- Promo poster
- 甜孫爺爺
- Genre: Modern Comedy
- Starring: Chung King Fai Ha Yu Hawick Lau Alex Fong Shirley Yeung Sam Chan Rebecca Chan
- Narrated by: Hawick Lau
- Opening theme: "幸福家庭" by Alex Fong
- Ending theme: "頭等" by Hawick Lau
- Country of origin: Hong Kong
- Original language: Cantonese
- No. of episodes: 20

Production
- Producer: Amy Wong
- Running time: 45 minutes (approx.)

Original release
- Network: TVB
- Release: January 31 – February 25, 2005

= My Family (Hong Kong TV series) =

My Family (甜孫爺爺) is a TVB modern drama series broadcast in January 2005.

==Synopsis==
Experience grows with age,
When wise old grand pa is in charge,
The family is in good shape.

Man Tai-Lor (Chung King Fai) controls the Man family with an iron fist, much to the displeasure of his son Man Chiu-Kit (Ha Yu), who is constantly trying to assert his authority within the family. When Tai-Lor developed Parkinson's disease, he hides his anxieties by retiring from his job as a school principal and concealing his ailment from his family. When the truth is revealed, he decides to step down as the patriarch of his family and lets Chiu-Kit run the family.

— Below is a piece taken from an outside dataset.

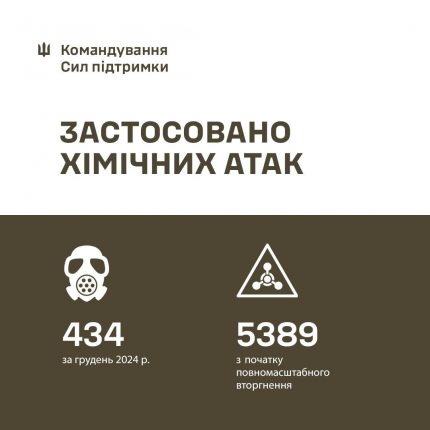 У грудні 2024 року підрозділи радіаційної, хімічної, біологічної розвідки Сил підтримки Збройних сил України зафіксували 434 випадки застосування таких боєприпасів.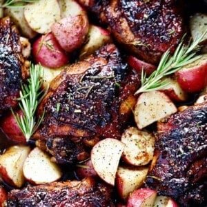 Glazed Honey Balsamic Chicken with Potatoes is a one pan meal with tender and juicy chicken glazed in a sweet and tangy honey balsamic sauce. Surrounded by crisp and tender potatoes this is one delicious meal!

Relationships in the family worsen when eldest son Freeman Man Yat-Long (Hawick Lau) moves out. He and second son Ray Man Yat-Hei (Alex Fong) end up competing for the same girl, an aspiring cake maker named Miki Mo See-Ting (Shirley Yeung). The third son, Kevin Man Yat-Ching (Sam Chan) becomes especially rebellious as his father tries to assert himself as the family patriarch by implementing stricter and less reasonable rules for his sons to follow. When the Man family starts teetering off the track, the old and retired Tai-Lor has to step in to clear the mess and gently guide everyone back...

==Cast==

| Cast | Role | Description |
|---|---|---|
| Chung King Fai | Man Tai-Lor 文泰來 | Retired Principal Man Chiu-Kit's father. Man Yat-Long, Man Yat-Hei, and Man Yat-Ching's grandfather. |
| Ha Yu | Man Chiu-Kit 文超傑 | Health Inspector Man Wong Mei-Sin's husband. Man Tai-Lor's son. Man Yat-Long, Man Yat-Hei, and Man Yat-Ching's father. |
| Rebecca Chan | Man Wong Mei-Sin 文王美仙 | Housewife, high school teacher Ning Mao-Chun's wife. Man Yat-Long, Man Yat-Hei, and Man Yat-Ching's mother. |
| Hawick Lau | Man Yat-Long (Freeman) 文逸朗 | Singer Mo Si-Ting's ex-boyfriend. Man Yat-Hei and Man Yat-Ching's older brother. |
| Alex Fong | Man Yat-Hei (Ray) 文逸晞 | Pastry Chef Mo Si-Ting's boyfriend. Man Yat-Long and Man Yat-Ching's brother. |
| Sam Chan | Man Yat-Ching (Kevin) 文逸清 | Student Man Yat-Long and Man Yat-Hei's younger brother. |
| Shirley Yeung | Mo See-Ting (Miki) 毛思婷 | Patry Chef Man Yat-Long's ex-girlfriend. Man Yat-Hei's girlfriend. Akubi's assistant. |
| Belinda Hamnett | Akubi | Singer/Actress |

==Awards==
- Ha Yu won the "Best Actor in a Supporting Role" Award for his role Man Chiu-Kit, at the 38th TVB Anniversary Awards in 2005.